Ask HN: How to Learn Rust

I am trying to learn Rust few weeks, but it seems to me a very hard language, to be honest, I never thought only learning a language will be this hard. I am following books and few youtube tutorials. Any suggestions?

65 points | by fuadnafiz98 1308 days ago

14 comments

  • techjuice 1308 days ago
    Find one high quality resource, stick with it and finish it all the way through.

    I recommend starting with the developer documentation so you can understand the language before anything else. This is normally what I do when starting to learn programming languages, especially when languages first come out.

    Learn Rust https://www.rust-lang.org/learn

    Learn ARM Assembly https://developer.arm.com/documentation/dui0473/m/writing-ar...

    Learn Go https://golang.org/doc/

    Learn x86_64 Assembly https://software.intel.com/content/www/us/en/develop/article...

    • fuadnafiz98 1308 days ago
      assembly :(
      • flohofwoe 1307 days ago
        There's no need to learn "all the assembly" of a modern processor, just the basic instructions and maybe write a few simple programs to understand what's going on. Even though writing assembly is hardly needed today, being able to read and understand assembly is very valuable for debugging and optimization sessions.
        • renox 1307 days ago
          I'm not so sure, I've been thinking about how to implement a fastest 'very small map' (let's say a maximum of 16 key, with the keys being 2 bytes), but for this I need to learn SIMD x86 assembly language :-(
      • techjuice 1307 days ago
        I've found learning assembly a necessary evil for certain work.
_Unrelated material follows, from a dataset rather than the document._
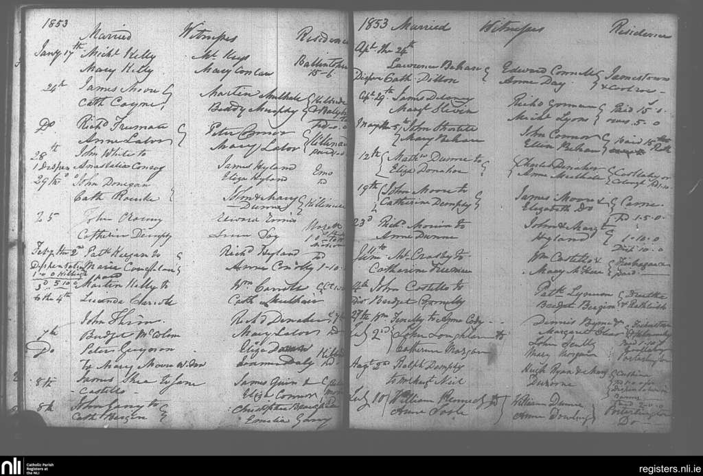 Portarlington; County of Laois, Offaly; Diocese of Kildare and Leighlin. Marriages, Jan. 1853 to Aug. 1853

I use Rust to automate lifting binaries and conduct protocol analysis to find vulnerabilities. Without knowing assembly it may limit the depth of analysis that can be done.
  • mactavish88 1307 days ago
    I'd recommend:

    1. Identify a few projects you'd like to implement (toy ones if you want, or applications that exist in languages you already know well; or try to implement the Advent of Code problems: https://adventofcode.com/).

    2. Organize them by your perceived difficulty of implementation (Advent of Code is already kinda organized in increasing order of difficulty).

    3. Do your best to implement each project, experimenting with different approaches to architecture, testing, etc.

    Having experience in many other programming languages, there are honestly so many different ways to architect and implement a Rust program compared to other languages (especially if you compare to a language like Go). Also, getting the hang of composition (with or without traits), when you come from other languages, is quite challenging.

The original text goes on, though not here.